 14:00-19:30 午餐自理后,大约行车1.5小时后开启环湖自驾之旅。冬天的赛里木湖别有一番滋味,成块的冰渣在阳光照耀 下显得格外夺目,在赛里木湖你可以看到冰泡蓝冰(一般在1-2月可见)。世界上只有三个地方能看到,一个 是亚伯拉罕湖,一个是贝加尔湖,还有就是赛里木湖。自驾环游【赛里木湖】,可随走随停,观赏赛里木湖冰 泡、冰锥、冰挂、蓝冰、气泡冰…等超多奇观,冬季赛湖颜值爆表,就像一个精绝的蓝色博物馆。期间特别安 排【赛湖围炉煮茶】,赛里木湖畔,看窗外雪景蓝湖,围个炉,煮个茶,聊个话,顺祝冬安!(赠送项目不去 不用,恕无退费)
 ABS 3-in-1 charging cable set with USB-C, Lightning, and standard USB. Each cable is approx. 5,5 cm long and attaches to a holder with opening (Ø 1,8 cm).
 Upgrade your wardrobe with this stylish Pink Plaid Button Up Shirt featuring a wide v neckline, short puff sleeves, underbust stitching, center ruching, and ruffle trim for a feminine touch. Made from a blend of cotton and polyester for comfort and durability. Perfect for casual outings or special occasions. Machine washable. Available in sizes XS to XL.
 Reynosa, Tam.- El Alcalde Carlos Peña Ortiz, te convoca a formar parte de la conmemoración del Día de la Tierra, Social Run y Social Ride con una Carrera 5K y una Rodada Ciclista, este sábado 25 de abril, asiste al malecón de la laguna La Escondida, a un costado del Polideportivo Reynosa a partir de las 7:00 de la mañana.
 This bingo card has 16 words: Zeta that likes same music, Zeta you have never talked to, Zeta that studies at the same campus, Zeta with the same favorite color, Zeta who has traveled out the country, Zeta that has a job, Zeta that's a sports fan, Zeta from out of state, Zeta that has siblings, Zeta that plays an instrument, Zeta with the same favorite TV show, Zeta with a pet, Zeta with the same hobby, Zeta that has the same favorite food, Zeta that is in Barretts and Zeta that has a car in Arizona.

□ □ □ □

**ACTION ITEM:**
Give back the entire listing, line for line, exactly as it stands.

**RESPONSE TO THIS EXERCISE:**
 14:00-19:30 午餐自理后,大约行车1.5小时后开启环湖自驾之旅。冬天的赛里木湖别有一番滋味,成块的冰渣在阳光照耀 下显得格外夺目,在赛里木湖你可以看到冰泡蓝冰(一般在1-2月可见)。世界上只有三个地方能看到,一个 是亚伯拉罕湖,一个是贝加尔湖,还有就是赛里木湖。自驾环游【赛里木湖】,可随走随停,观赏赛里木湖冰 泡、冰锥、冰挂、蓝冰、气泡冰…等超多奇观,冬季赛湖颜值爆表,就像一个精绝的蓝色博物馆。期间特别安 排【赛湖围炉煮茶】,赛里木湖畔,看窗外雪景蓝湖,围个炉,煮个茶,聊个话,顺祝冬安!(赠送项目不去 不用,恕无退费)
 ABS 3-in-1 charging cable set with USB-C, Lightning, and standard USB. Each cable is approx. 5,5 cm long and attaches to a holder with opening (Ø 1,8 cm).
 Upgrade your wardrobe with this stylish Pink Plaid Button Up Shirt featuring a wide v neckline, short puff sleeves, underbust stitching, center ruching, and ruffle trim for a feminine touch. Made from a blend of cotton and polyester for comfort and durability. Perfect for casual outings or special occasions. Machine washable. Available in sizes XS to XL.
 Reynosa, Tam.- El Alcalde Carlos Peña Ortiz, te convoca a formar parte de la conmemoración del Día de la Tierra, Social Run y Social Ride con una Carrera 5K y una Rodada Ciclista, este sábado 25 de abril, asiste al malecón de la laguna La Escondida, a un costado del Polideportivo Reynosa a partir de las 7:00 de la mañana.
 This bingo card has 16 words: Zeta that likes same music, Zeta you have never talked to, Zeta that studies at the same campus, Zeta with the same favorite color, Zeta who has traveled out the country, Zeta that has a job, Zeta that's a sports fan, Zeta from out of state, Zeta that has siblings, Zeta that plays an instrument, Zeta with the same favorite TV show, Zeta with a pet, Zeta with the same hobby, Zeta that has the same favorite food, Zeta that is in Barretts and Zeta that has a car in Arizona.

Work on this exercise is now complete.